Could AI and Data Analytics Deliver Blockbuster Movies?

Hollywood has been slow to embrace data analytics when greenlighting and planning film projects, favoring gut instinct over what can be perceived as cold analysis. But innovative producers and studio executives are starting to view analytics as an ally.

In any industry, a lack of data can cause leaders to make damaging mistakes. In the film industry, stakes are high and mistakes are costly—often resulting in millions of dollars lost and careers compromised.

To avoid financial flops and help predict which movies will be successful, some filmmakers are testing new technologies. For instance, Warner Bros. recently inked a deal with Cinelytic, an AI-powered analytics platform that can assess star power and film potential.

Filmmakers can perform all kinds of analyses—just as retailers, banks, and other businesses do—to get an edge when vetting projects for investment. On the heels of the Warner Bros.–Cinelytic deal, more decision-makers may turn to data analytics, enhanced by location intelligence and AI, to decide which movies are made, how they’re marketed, and where they’re released.

Staying Competitive in a Changing Industry

In part, competition with streaming platforms such as Netflix has spurred filmmakers’ migration to data-driven operations. Netflix leverages machine learning to understand and anticipate its audience, and estimates the value of its personalization algorithm at $1 billion. With it, the company greenlights hundreds of films and projects each year and recommends personalized content to every user, delivering targeted entertainment directly to living rooms all over the world.

With a plethora of affordable, quality content available at home, moviegoers are increasingly selective about which films they’re willing to travel to a cinema to see. Producers aim to greenlight and deliver “event” movies that will overcome couchbound inertia and attract consumers’ discretionary cash.

How AI Can Help Plan Films

Many variables contribute to a film’s success, including star power, timing of its release and distribution locations, where the film takes place, marketing budget and strategy, and the intended audience.

AI platforms like Cinelytic can model virtually limitless combinations of variables, comparing them with historical and real-time data (such as social media buzz and competitor film performance) to predict success rates and potential revenue. The technology can model revenue implications of casting one lead actress over another, or of releasing the film in summer versus the winter holidays.

As the Hollywood Reporter noted in reporting on the Warner-Cinelytic deal, in the early stages of planning which movies to make, producers often have to make quick decisions. For example, during a film festival, they may only have a few hours to choose which film ideas to purchase. Executives can now use AI-powered analytics to vet the prospects for a film in minutes.

The amount of rich data available in our connected world—and the speed at which AI can process it—means that producers can quickly build a business case to support a greenlight decision, complementing intuition with data-driven insight.

Data Analysis with Location in Focus

One way for movie executives to enhance this analytical approach is to view data in context of location. In this way, studios can discover which audiences might enjoy a film and where they’re located. When decision-makers understand what an audience values—whether that’s filmgoers, retail shoppers, or other consumers—they can predict spending patterns and plan a targeted marketing approach.

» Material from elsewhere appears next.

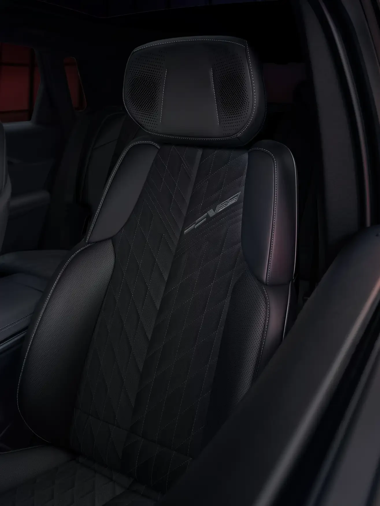 Le Lyriq-V arbore un design qui allie élégance et agressivité. Les faces avant et arrière exclusives, les jupes latérales, les détails couleur carrosserie et les jantes de 22 pouces soulignent l’identité « V ». La couleur Magnus Metal Frost, un gris satiné exclusif, confère au véhicule une allure encore plus distinctive.

For instance, critics were surprised by the runaway success of films such as Black Panther, Wonder Woman, and I Can Only Imagine. They needn’t have been. The studios behind each film understood the target-audience’s demographics and psychographics, and delivered a story that resonated with their values. Like other demographic characteristics, values are often common to certain locations. For example, I Can Only Imagine was a hit in midwestern states with a large audience that identified with faith-based values. Characterized simply, these films were a case of supply meeting demand.

On a global scale, some genres tend to fare better or worse in different countries. Studio executives can use location intelligence to target releases in areas with a large concentration of the prime audience. Filmmakers can also analyze social media engagement by location to see what’s generating buzz where. Or they can map search engine traffic to measure the volume and location of interest around a certain topic or type of film.

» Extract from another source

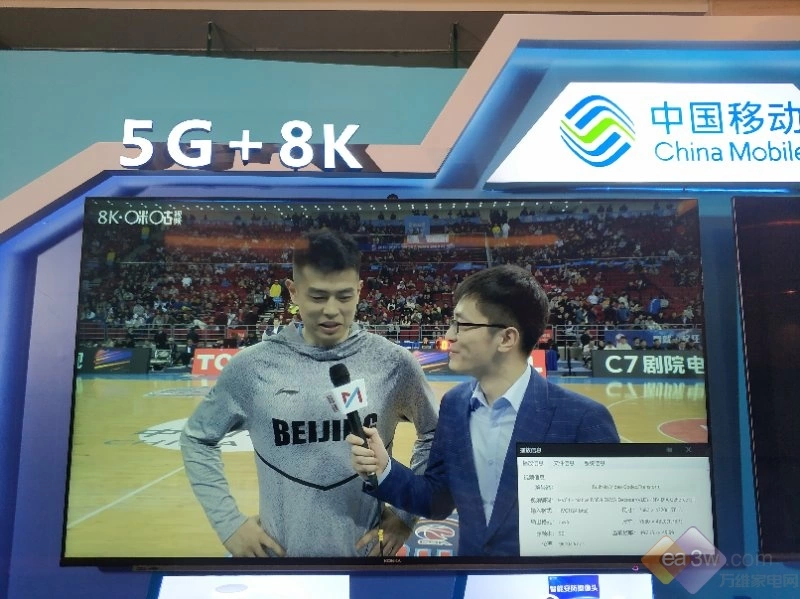 在2019世界超高清视频(4K/8K)产业发展大会上,担当此次5G+8K电视直播的电视是康佳刚推出的全景AI电视A3电视,播放内容是咪咕提供的8K@60Hz体育赛事直播,通过5G公网实现从8K直播信号在75寸8K电视上真实再现,显示到场景中每一个微小的细节,真实可感。

Many major brands combine a geographic information system (GIS) and AI to make sense of large amounts of data, identifying valuable customer segments such as dog owners or music lovers. The beauty of analyzing customer data in terms of its location is the ability to combine that insight with other data sources, such as historical box office returns, to see patterns or trends.

Data analytics can’t replace the human element that creatives bring, with their years of industry experience and expert feel for compelling stories. Nor can AI predict everything that will affect a film’s success, such as competition with contemporaneous films, critical reviews, and zeitgeist. But as more studio executives take advantage of today’s data-rich strategies and view their film lineup with an eye on location, they may find themselves thinking about their artistic decisions differently.

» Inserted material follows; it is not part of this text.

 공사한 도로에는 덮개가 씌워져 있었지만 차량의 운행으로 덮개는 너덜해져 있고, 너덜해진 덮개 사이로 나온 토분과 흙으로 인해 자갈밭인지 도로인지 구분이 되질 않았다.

While filmmakers can’t solve for every variable, they can use location intelligence and AI-powered analysis to make faster, smarter greenlighting decisions, increasing the odds of producing a box office win or even the next smash.

About the author

Andrea is a writer specializing in creating web content for Esri.com. She’s fascinated by how writing integrates with UX/UI, and passionate about communicating what Esri is all about to anyone new to GIS. Andrea got her start writing a travel blog while working as a trombonist on cruise ships. Years of international travel established her love for (and daily reliance on) maps.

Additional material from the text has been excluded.